Andrew Davidson was quoted in a National Mortgage News article titled "Fannie-Freddie overseer puts squeeze on $50B bond market."
A bond market once thought to be key to the futures of Fannie Mae and Freddie Mac — and the roughly $5 trillion of home loans they backstop — could instead find itself on the scrap heap due to their own regulator.
In the past several years, so-called credit-risk-transfer securities have been a primary way for government-controlled Fannie and Freddie to offload the risk of borrowers defaulting on their mortgages to private investors. The market value of such assets, known as CRT, has grown to about $50 billion, with mutual funds, hedge funds and real-estate investment trusts among investors snatching up the bonds.
Some former government officials and housing-finance executives have even loftier ambitions and believe the swelling CRT market can largely eliminate the likelihood that U.S. taxpayers would ever again bail out Fannie and Freddie, as they did during the 2008 crisis.

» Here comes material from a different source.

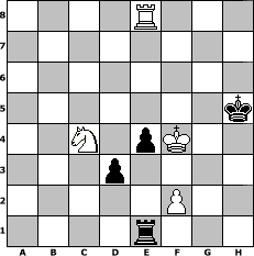 Partie-Notation im PGN-Format [Event "Die Weinlese 2014 m. 50.00 Eu 1.Preis"] [Site "www.mySchach.de"] [Date "2014.09.15"] [Round "1"] [White "espero"] [Black "Helangel"] [ECO "D00"] [WhitemyELO "1738"] [BlackmyELO "1905"] [Result "1-0"] [TimeControl "10/2592000"] [WhiteDays "28"] [BlackDays "05"] [MySchachNr "95933"] 1. d4 d5 2. Bf4 c6 3. e3 Nf6 4. c4 Bf5 5. Nc3 e6 6. Qb3 Qc8 7. Rc1 Be7 8. Nf3 O-O 9. Nh4 Be4 10. Be2 Nbd7 11. O-O h6 12. Nf3 dxc4 13. Qxc4 Bf5 14. h3 Nd5 15. Bh2 Qd8 16. Nd2 Bg6 17. Qb3 Qb6 18. Na4 Qxb3 19. Nxb3 a5 20. Nac5 Nxc5 21. Nxc5 Ra7 22. a3 Rd8 23. Rfd1 h5 24. Bf3 Bg5 25. Kf1 h4 26. Ke2 Kf8 27. g4 hxg3 28. Bxg3 Ke7 29. h4 Bh6 30. Rg1 Rg8 31. Be5 Bh7 32. Be4 Bxe4 33. Nxe4 f6 34. Bd6+ Kd7 35. Bh2 Ke7 36. Rg6 Rd8 37. b3 Kf7 38. h5 Ne7 39. Rgg1 Nf5 40. Rc5 Rd5 41. a4 Rd7 42. Rb1 Ra8 43. Rc4 g6 44. b4 gxh5 45. Nc5 b5 46. Nxd7 bxc4 47. Nb6 Ra6 48. Nxc4 axb4 49. Rxb4 c5 50. Rb7+ Kg6 51. a5 cxd4 52. e4 Ng7 53. Rb6 Ra8 54. Bg3 Bg5 55. a6 h4 56. Bb8 Nh5 57. Kf3 h3 58. Kg4 Bf4 59. Bxf4 Nxf4 60. Kxf4 h2 61. Rb1 Rxa6 62. Kf3 Kg5 63. Rh1 Ra4 64. Nb6 Ra3+ 65. Kg2 Rc3 66. Rxh2 Rc6 67. Nd7 d3 68. Rh1 Kf4 69. Rd1 Kxe4 70. Nxf6+ Kd4 71. Ng4 Ra6 72. Ne3 e5 73. Kf1 Ke4 74. Rb1 Kf3 75. Nc4 e4 76. Nd2+ Kf4 77. Rb8 Ra5 78. Nc4 Rc5 79. Rf8+ Rf5 80. Rh8 Kg5 81. Nd6 Rf4 82. Ke1 Kg6 83. Rg8+ Kh5 84. Nc4 Rg4 85. Rf8 Rg6 86. Re8 Rg1+ 87. Kd2 Rf1 88. Ke3 Re1+ 89. Kf4 1-0 Stellungs-Notation im FEN-Format 4R3/8/8/7k/2N1pK2/3p4/5P2/4r3 - - - 27 89 Geschlagene Figuren Weiss: Geschlagene Figuren Schwarz: Klicken Sie auf eine geschlagene Figur um den gewünschten Zug darzustellen!

But a new rule proposal by the Federal Housing Finance Agency, which regulates the mortgage giants, would drastically cut Fannie and Freddie’s incentive to continue selling the bonds. The move would likely shrink the market significantly, in effect leading the companies to keep as much risk as they did when the housing market collapsed more than a decade ago, according to the proposal’s detractors.